Custom Seccomp Profile for Special Cases:

{
  "defaultAction": "SCMP_ACT_ERRNO",
  "architectures": ["SCMP_ARCH_X86_64"],
  "syscalls": [
    {
      "names": [
        "read", "write", "open", "close", "stat", "fstat",
        "lstat", "poll", "lseek", "mmap", "mprotect", "munmap",
        "brk", "rt_sigaction", "rt_sigprocmask", "rt_sigreturn",
        "ioctl", "pread64", "pwrite64", "readv", "writev"
      ],
      "action": "SCMP_ACT_ALLOW"
    }
  ]
}

RBAC Configuration That Works

Fix 1: Service Account Permissions (Least Privilege Approach)

The Problem: secrets is forbidden: User "system:serviceaccount:default:app" cannot get resource "secrets"

The Systematic Solution:

## 1. Create dedicated ServiceAccount
apiVersion: v1
kind: ServiceAccount
metadata:
  name: app-service-account
  namespace: production
---
## 2. Create minimal Role with only required permissions
apiVersion: rbac.authorization.k8s.io/v1
kind: Role
metadata:
  name: app-permissions
  namespace: production
rules:
## Only allow access to specific secrets
- apiGroups: [""]
  resources: ["secrets"]
  verbs: ["get"]
  resourceNames: ["app-db-secret", "app-api-keys"]
## Allow reading specific ConfigMaps
- apiGroups: [""]
  resources: ["configmaps"]
  verbs: ["get", "list"]
  resourceNames: ["app-config"]
## Allow creating/updating own status
- apiGroups: [""]
  resources: ["pods"]
  verbs: ["patch"]
  resourceNames: ["app-*"]
---
## 3. Bind ServiceAccount to Role
apiVersion: rbac.authorization.k8s.io/v1
kind: RoleBinding
metadata:
  name: app-binding
  namespace: production
subjects:
- kind: ServiceAccount
  name: app-service-account
  namespace: production
roleRef:
  kind: Role
  name: app-permissions
  apiGroup: rbac.authorization.k8s.io

Testing the Permissions:

## Verify the ServiceAccount has exactly the needed permissions
SA="system:serviceaccount:production:app-service-account"
kubectl auth can-i get secrets --as=$SA
kubectl auth can-i get secret/app-db-secret --as=$SA
kubectl auth can-i delete secrets --as=$SA  # Should be "no"
kubectl auth can-i get secrets --as=$SA --subresource=  # List specific secret access

Fix 2: Cross-Namespace Access Patterns

The Problem: Your app in frontend namespace needs to read ConfigMaps from shared-config namespace.

The Secure Approach:

## ClusterRole for cross-namespace access (minimal scope)
apiVersion: rbac.authorization.k8s.io/v1
kind: ClusterRole
metadata:
  name: cross-namespace-config-reader
rules:
- apiGroups: [""]
  resources: ["configmaps"]
  verbs: ["get", "list"]
  # Restrict to specific namespaces
  resourceNames: []
---
## RoleBinding in the target namespace
apiVersion: rbac.authorization.k8s.io/v1
kind: RoleBinding
metadata:
  name: frontend-config-access
  namespace: shared-config
subjects:
- kind: ServiceAccount
  name: frontend-app
  namespace: frontend
roleRef:
  kind: ClusterRole
  name: cross-namespace-config-reader
  apiGroup: rbac.authorization.k8s.io

Fix 3: CI/CD Pipeline Permissions

The Problem: Deployment pipeline needs broad permissions but should be constrained.
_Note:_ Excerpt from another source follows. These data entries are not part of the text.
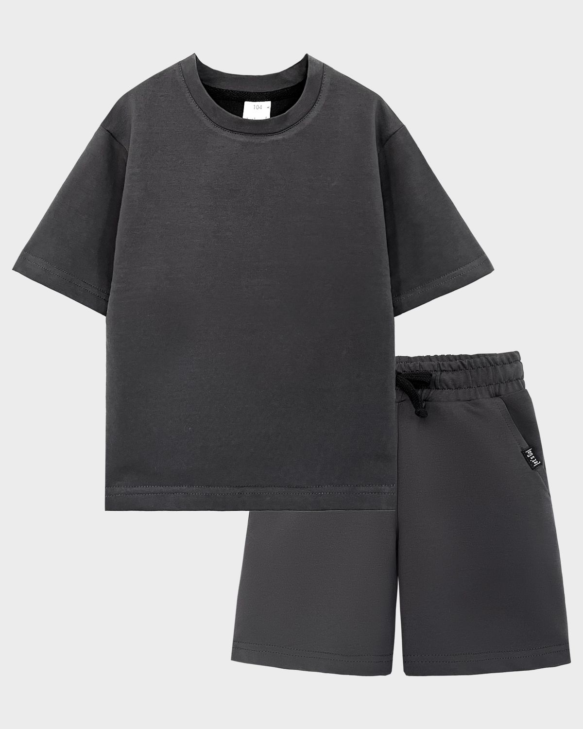 Комплект детский, состоящий из футболки и шорт. Футболка свободного силуэта (оверсайз) с коротким рукавом.Горловина круглая, обработана воротником из основного полотна. Низ изделия и рукава обработан швом вподгибку. Шорты прямого силуэта. Пояс отрезной в цвет изделия с эластичной тесьмой внутри. По поясу шорт вставлен плоский утягивающий шнурок, в цвет шорт.На передней половинке шорт карманы с отрезным бочком, вход карман обработан строчкой. На левом кармане вшивной элемент, закрепленный отстрочкой. Низ изделия обработан швом вподгибку.
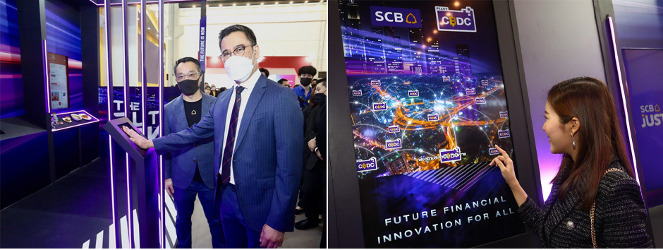 ซึ่งธนาคารไทยพาณิชย์ ได้รับการคัดเลือกจาก ธนาคารแห่งประเทศไทย (ธปท.) เป็นหนึ่งในผู้ร่วมทดสอบการพัฒนา Retail CBDC เพื่อวางโครงสร้างพื้นฐานด้านนวัตกรรมการเงินแห่งโลกอนาคตให้กับประเทศไทย ช่วยเพิ่มโอกาสและขีดความสามารถในการแข่งขันแก่ภาคธุรกิจ พร้อมผลิตภัณฑ์ และโซลูชันทางการเงินที่ตอบโจทย์ผู้บริโภคยุคใหม่ อาทิ “JUST4U” บริการสรุปค่าใช้จ่ายรายเดือนเฉพาะตัวบนแอปฯ SCB EASY “SPRING UP” (สปริงอัพ) ดิจิทัลแพลตฟอร์มเพื่อสุขภาพแบบครบวงจร และ “สินเชื่อมณีทันใจ” สินเชื่อเพื่อธุรกิจ สำหรับผู้ประกอบการ มุ่งหวังให้ผู้เข้าชมงานได้สัมผัสนวัตกรรมการเงินแห่งอนาคตที่เข้ามามีบทบาทสำคัญต่อวิถีชีวิตของคนยุคดิจิทัล
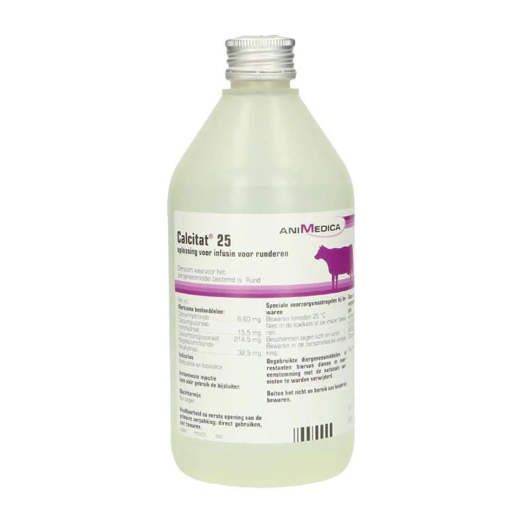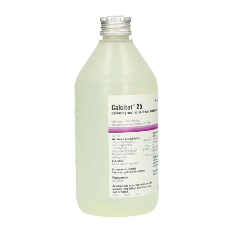 Calcitat 25 is een vloeistof voor de behandeling van melkziekte en kopziekte bij runderen
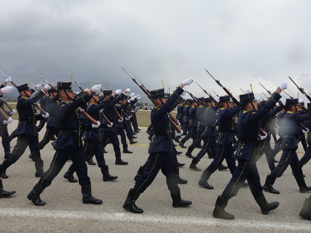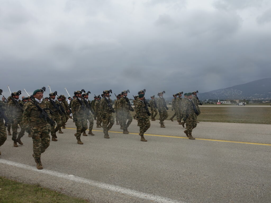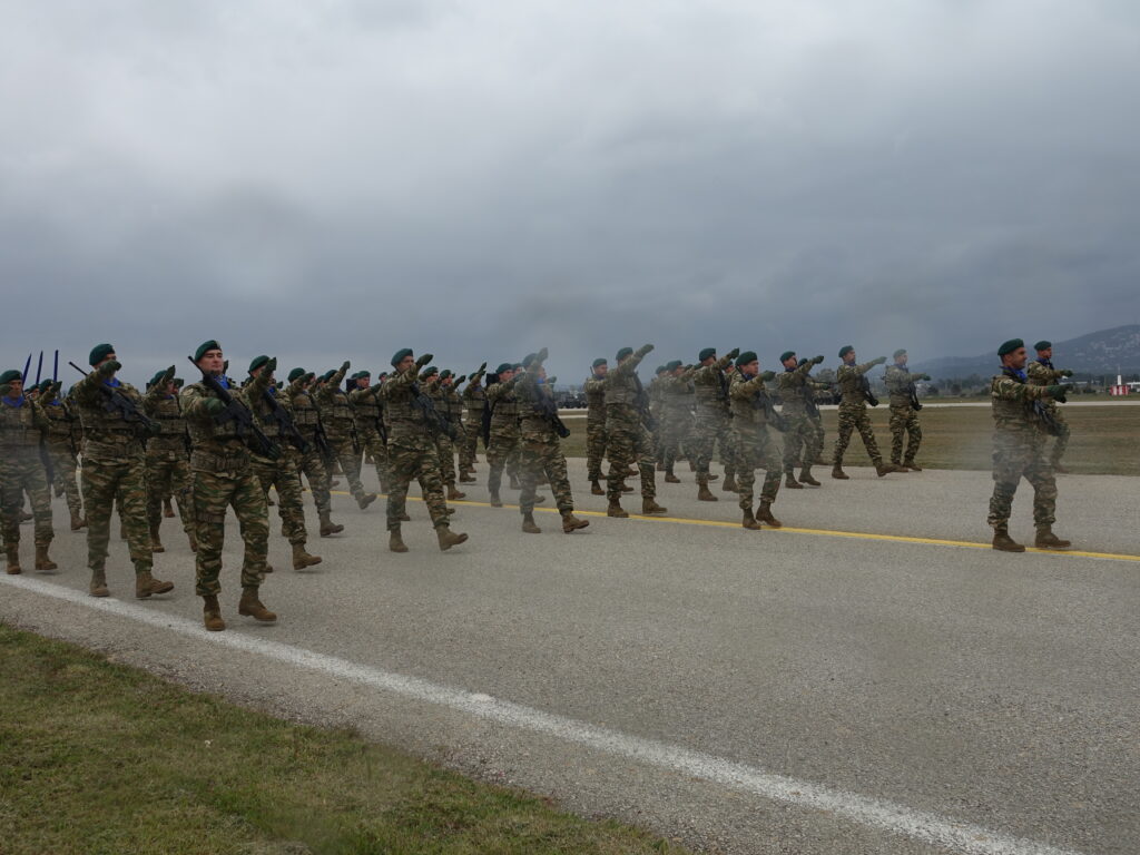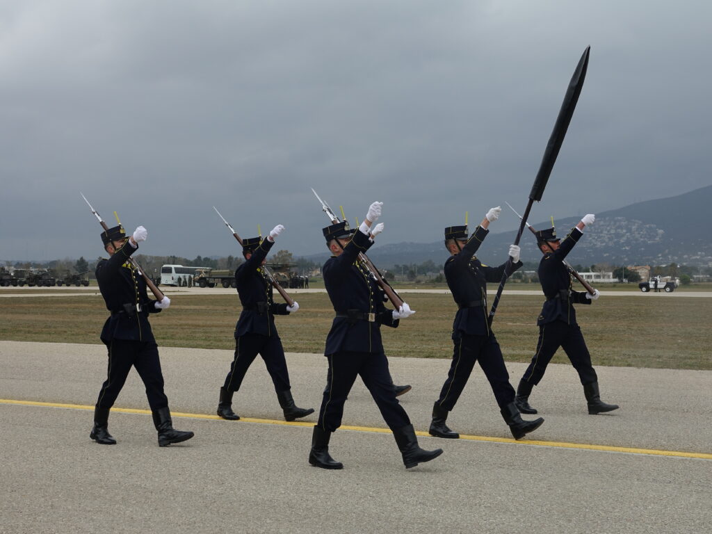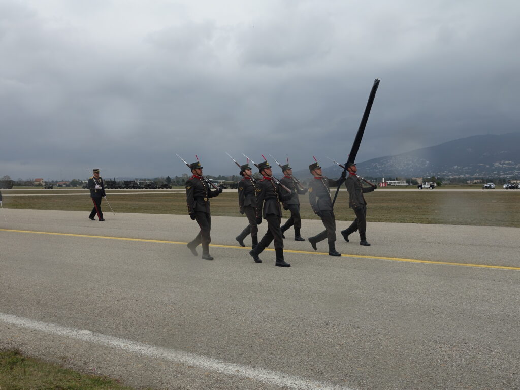 Η ΠΤΗΣΗ παρευρέθη προχθές στην αεροπορική βάση της Δεκέλειας (Τατόι), όπου πραγματοποιήθηκε η γενική πρόβα των πεζοπόρων τμημάτων, που θα συμμετάσχουν στη φετινή στρατιωτική παρέλαση για την εθνική επέτειο της 25ης Μαρτίου 1821. Η πρόβα διεξήχθη υπό αντίξοες καιρικές συνθήκες, με ισχυρό αέρα, βροχή και χαμηλές θερμοκρασίες, ωστόσο τα τμήματα κατάφεραν να παρουσιάσουν απόλυτο συγχρονισμό και επαγγελματισμό, αποδεικνύοντας για ακόμα μία φορά το υψηλό φρόνημα και την αφοσίωσή τους.

The Production-Safe Solution:

## Separate ServiceAccounts for different pipeline stages
apiVersion: v1
kind: ServiceAccount
metadata:
  name: ci-builder
  namespace: ci-cd
---
apiVersion: v1
kind: ServiceAccount
metadata:
  name: cd-deployer
  namespace: ci-cd
---
## Builder permissions (minimal)
apiVersion: rbac.authorization.k8s.io/v1
kind: Role
metadata:
  name: ci-builder-role
  namespace: ci-cd
rules:
- apiGroups: [""]
  resources: ["secrets"]
  verbs: ["get"]
  resourceNames: ["registry-credentials"]
- apiGroups: [""]
  resources: ["configmaps"]
  verbs: ["get", "list"]
---
## Deployer permissions (broader but controlled)
apiVersion: rbac.authorization.k8s.io/v1
kind: Role
metadata:
  name: cd-deployer-role
  namespace: production
rules:
- apiGroups: ["apps"]
  resources: ["deployments", "replicasets"]
  verbs: ["get", "list", "create", "update", "patch"]
- apiGroups: [""]
  resources: ["services", "configmaps"]
  verbs: ["get", "list", "create", "update", "patch"]
## Explicitly exclude dangerous permissions
- apiGroups: [""]
  resources: ["secrets"]
  verbs: ["get"]
  # Only deployment-specific secrets
  resourceNames: ["app-secrets"]

Network Policy Solutions That Don't Break Everything

Fix 1: Default Deny with Selective Allow

The Problem: Applied NetworkPolicy blocks all traffic including health checks.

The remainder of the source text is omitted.